Toro 3650, about 5 yrs old.


----------



## WIPensFan (Jan 31, 2009)

Here's the part I ordered from PartsTree.com. Number 333.


----------



## lawnkid14 (Nov 22, 2009)

same part as me


----------



## WIPensFan (Jan 31, 2009)

Where did you order from, dealer?


----------



## lawnkid14 (Nov 22, 2009)

No online jacksmallengines


----------



## WIPensFan (Jan 31, 2009)

lawnkid14;1380700 said:


> No online jacksmallengines


That site has the part listed for $74.95. I don't know what year your blower is but I think it's the same part for most of these models and years.


----------



## lawnkid14 (Nov 22, 2009)

I had a coupon for it and store credit


----------



## lawnkid14 (Nov 22, 2009)

Always look on eBay also


----------



## WIPensFan (Jan 31, 2009)

Ahh, ok, good luck gettin it going.


----------



## lawnkid14 (Nov 22, 2009)

hey thanks same to you. I need snow. Lets hope for some


----------



## genokn (Jan 2, 2008)

most of the early ccr 2450 and 3650 came with plactic carbs, heat from the engine causes carb to warp, resulting entreme high rpm. toro had a recall on the machine with plactic carbs, but i think the warranty on those units has expired. the fix was to replace carb with toros metal carb. if your carb is plastic, this is most likely your problem. sticker shock, those carbs are over a hundred bucks!


----------



## WIPensFan (Jan 31, 2009)

genokn;1381956 said:


> most of the early ccr 2450 and 3650 came with plactic carbs, heat from the engine causes carb to warp, resulting entreme high rpm. toro had a recall on the machine with plactic carbs, but i think the warranty on those units has expired. the fix was to replace carb with toros metal carb. if your carb is plastic, this is most likely your problem. sticker shock, those carbs are over a hundred bucks!


Interesting. Yeah, the carb is plastic on the one I was working on.

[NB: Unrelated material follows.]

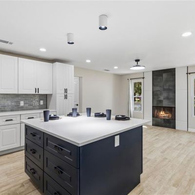 Ceiling Fan(s), Dry Bar, Kitchen/Family Room Combo, Primary Bedroom Main Floor, Solid Wood Cabinets, Split Bedroom, Stone Counters, Vaulted Ceiling(s), Walk-In Closet(s)

Thanks for the heads up.


----------



## lawnkid14 (Nov 22, 2009)

yeah so is mine hopefully this will solve both our problems when is yours coming in the mail


----------



## WIPensFan (Jan 31, 2009)

lawnkid14;1382013 said:


> yeah so is mine hopefully this will solve both our problems when is yours coming in the mail


I'm hoping for Monday.


----------



## lawnkid14 (Nov 22, 2009)

part came today i will put it on and let you know


----------



## lawnkid14 (Nov 22, 2009)

it started right up but it still revs really high


----------



## WIPensFan (Jan 31, 2009)

lawnkid14;1382895 said:


> it started right up but it still revs really high


I think a new carb is the only answer, not sure it's worth it.


----------



## lawnkid14 (Nov 22, 2009)

I think the side needle on my carb is clogged


----------



## dieselss (Jan 3, 2008)

Spray some carb and choke around the carb to intake. If it revs carb or gsket.


----------